Janusz Mikita, były sołtys Reczpola, spełnił obywatelski obowiązek i w niedzielę wziął udział w wyborach samorządowych. Nie ukrywa, że na liście kandydatów do Rady Powiatu Przemyskiego krzyżyk postawił przy swoim nazwisku - startował na radnego z listy PSL. Na Mikitę zagłosowała też jego żona, zagłosowała trójka jego dzieci, zagłosowała dalsza rodzina.

Sąsiedzi go poparali

Jakież było jego zdziwienie, kiedy w poniedziałek stanął przed tablicą, na której obwodowa komisja wyborcza wywiesiła wyniki głosowania.

- Z tej informacji wynikało, że w swoim obwodzie nie dostałem ani jednego głosu - mówi poruszony 54-latek. - Przecież to niemożliwe.

Zażenowanie mieszało się zakłopotaniem. Jako były sołtys Mikita nadal cieszy się zaufaniem mieszkańców, wielu dało tego dowód przy urnie. - Tak, poparłem Janusza - potwierdza znajomy niedoszłego radnego. - Wygląda na to, że mój głos zniknął, rozpłynął się.

Niezmierzona pomyłka

Mikita za punkt honoru wziął sobie wyjaśnienie sprawy, w końcu informacja o wynikach została podana publicznie. Zwrócił się też po pomoc do Nowin.

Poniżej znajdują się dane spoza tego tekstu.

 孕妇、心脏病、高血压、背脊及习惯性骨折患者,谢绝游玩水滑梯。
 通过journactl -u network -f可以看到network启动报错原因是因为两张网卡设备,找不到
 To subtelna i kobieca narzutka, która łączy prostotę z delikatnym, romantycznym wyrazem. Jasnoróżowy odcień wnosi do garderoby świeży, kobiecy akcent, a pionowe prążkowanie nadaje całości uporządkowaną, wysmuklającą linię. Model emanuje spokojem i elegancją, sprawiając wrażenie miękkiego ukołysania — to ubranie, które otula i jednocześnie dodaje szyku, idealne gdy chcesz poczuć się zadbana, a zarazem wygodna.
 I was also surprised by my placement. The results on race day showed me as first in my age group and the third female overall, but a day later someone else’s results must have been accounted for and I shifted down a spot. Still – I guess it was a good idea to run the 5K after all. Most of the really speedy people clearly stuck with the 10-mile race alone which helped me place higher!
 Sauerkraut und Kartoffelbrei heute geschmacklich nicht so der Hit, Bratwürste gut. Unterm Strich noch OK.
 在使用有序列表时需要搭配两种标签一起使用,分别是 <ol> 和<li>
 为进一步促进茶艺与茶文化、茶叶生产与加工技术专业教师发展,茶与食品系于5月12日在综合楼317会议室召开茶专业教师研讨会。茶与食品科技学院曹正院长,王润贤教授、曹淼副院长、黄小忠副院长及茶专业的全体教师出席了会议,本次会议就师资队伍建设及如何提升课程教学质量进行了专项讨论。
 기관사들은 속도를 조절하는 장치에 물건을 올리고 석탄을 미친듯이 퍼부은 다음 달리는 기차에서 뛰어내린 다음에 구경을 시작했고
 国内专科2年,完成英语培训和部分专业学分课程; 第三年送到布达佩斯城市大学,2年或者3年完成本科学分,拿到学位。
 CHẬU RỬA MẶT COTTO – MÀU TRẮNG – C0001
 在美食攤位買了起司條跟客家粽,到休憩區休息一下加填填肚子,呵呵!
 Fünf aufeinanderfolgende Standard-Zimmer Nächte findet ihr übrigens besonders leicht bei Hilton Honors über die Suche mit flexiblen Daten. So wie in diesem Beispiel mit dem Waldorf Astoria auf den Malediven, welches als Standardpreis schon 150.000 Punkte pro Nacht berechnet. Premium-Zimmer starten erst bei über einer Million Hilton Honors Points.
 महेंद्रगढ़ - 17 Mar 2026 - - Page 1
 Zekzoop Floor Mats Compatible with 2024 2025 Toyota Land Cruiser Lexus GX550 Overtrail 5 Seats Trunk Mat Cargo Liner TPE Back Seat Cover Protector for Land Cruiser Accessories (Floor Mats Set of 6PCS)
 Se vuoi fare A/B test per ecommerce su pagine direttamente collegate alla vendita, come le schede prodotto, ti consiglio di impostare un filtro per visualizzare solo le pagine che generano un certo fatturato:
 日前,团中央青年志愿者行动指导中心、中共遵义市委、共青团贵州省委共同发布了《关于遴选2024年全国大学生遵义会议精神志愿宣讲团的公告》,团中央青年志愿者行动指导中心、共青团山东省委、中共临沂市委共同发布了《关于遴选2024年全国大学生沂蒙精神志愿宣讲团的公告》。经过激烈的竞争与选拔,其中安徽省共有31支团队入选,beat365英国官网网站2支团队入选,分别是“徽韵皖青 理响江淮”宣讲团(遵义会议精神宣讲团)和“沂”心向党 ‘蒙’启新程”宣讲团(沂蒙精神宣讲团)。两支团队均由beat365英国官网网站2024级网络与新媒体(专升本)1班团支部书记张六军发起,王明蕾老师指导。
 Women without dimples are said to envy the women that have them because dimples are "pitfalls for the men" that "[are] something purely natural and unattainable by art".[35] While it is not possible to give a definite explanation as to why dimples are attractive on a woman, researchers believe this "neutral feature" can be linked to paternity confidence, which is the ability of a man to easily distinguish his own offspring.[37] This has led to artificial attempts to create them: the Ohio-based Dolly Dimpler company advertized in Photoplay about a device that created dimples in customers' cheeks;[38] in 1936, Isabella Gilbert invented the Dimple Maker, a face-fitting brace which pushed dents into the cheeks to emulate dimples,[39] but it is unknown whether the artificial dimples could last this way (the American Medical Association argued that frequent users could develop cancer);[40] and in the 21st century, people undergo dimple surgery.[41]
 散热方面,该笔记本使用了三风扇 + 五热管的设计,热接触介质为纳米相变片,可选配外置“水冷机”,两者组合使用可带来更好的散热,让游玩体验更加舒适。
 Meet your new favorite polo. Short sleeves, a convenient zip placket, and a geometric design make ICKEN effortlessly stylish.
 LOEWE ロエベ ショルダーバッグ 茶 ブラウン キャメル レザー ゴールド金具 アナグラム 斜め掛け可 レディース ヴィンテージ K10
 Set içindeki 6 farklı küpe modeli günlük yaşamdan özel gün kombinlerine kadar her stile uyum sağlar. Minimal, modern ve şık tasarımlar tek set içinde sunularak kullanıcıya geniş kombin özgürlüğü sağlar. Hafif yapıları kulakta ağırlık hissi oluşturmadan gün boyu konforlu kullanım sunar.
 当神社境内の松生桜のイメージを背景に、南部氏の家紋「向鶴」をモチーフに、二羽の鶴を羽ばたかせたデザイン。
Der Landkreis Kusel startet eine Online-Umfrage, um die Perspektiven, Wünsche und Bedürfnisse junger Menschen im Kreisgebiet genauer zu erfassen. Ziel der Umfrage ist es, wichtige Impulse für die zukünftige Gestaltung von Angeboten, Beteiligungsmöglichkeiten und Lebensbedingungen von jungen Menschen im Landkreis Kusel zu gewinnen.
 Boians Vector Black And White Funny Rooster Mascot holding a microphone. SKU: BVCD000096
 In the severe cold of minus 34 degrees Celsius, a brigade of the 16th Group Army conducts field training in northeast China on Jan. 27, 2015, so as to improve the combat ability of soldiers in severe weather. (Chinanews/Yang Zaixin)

Ustaliliśmy, że skład w skład obwodowej komisji wyborczej w Reczpolu wchodziło 9 osób. Desygnowały je poszczególne komitety wyborcze. - Dołożyliśmy maksimum starań, aby wszystko odbyło się w myśl ordynacji - zapewnia Eugenia Kiełbowicz, członek komisji. - Niestety, doszło do niezamierzonej pomyłki.

Jaka to pomyłka? Otóż po podliczeniu głosów, których - jak wynika z naszych ustaleń - w Reczpolu Janusz Mikita otrzymał 46, komisja… przypisała je innemu kandydatowi. - To przykra sytuacja - przyznaje Maria Żółta, przewodnicząca komisji. - Kilkakrotnie przeprosiliśmy tego pana.
Dwa protokoły. Tylko jeden ważny

Jeszcze w poniedziałek członkowie obwodowej komisji wyborczej sporządzili drugi protokół, ale zgodnie z przepisami, tylko pierwszy - na którym Mikita nie ma ani jednego głosu, jest ważny.

- Biorąc pod uwagę liczbę oddanych głosów, pan Mikita nie miał realnej szansy na mandat radnego - tłumaczy Zygmunt Leszczyński, dyrektor delegatury Krajowego Biura Wyborczego w Przemyślu. - Nie zmienia to jednak faktu, że przysługuje mu prawo złożenia protestu wyborczego.

Były inne błędy?

54-latek zastanawia się, co robić. - Nie jestem typem pieniacza, nie dążę do wygranej za wszelką cenę - tłumaczy Mikita. - Mam wątpliwości, czy pomyłka na moją niekorzyść była jednostkowym przypadkiem, czy jest ich więcej. Państwowa Komisja Wyborcza dosyć szybko ogłosiła oficjalne wyniki wyborów, moja sprawa dowodzi, że mogły wystąpić błędy podczas liczenia.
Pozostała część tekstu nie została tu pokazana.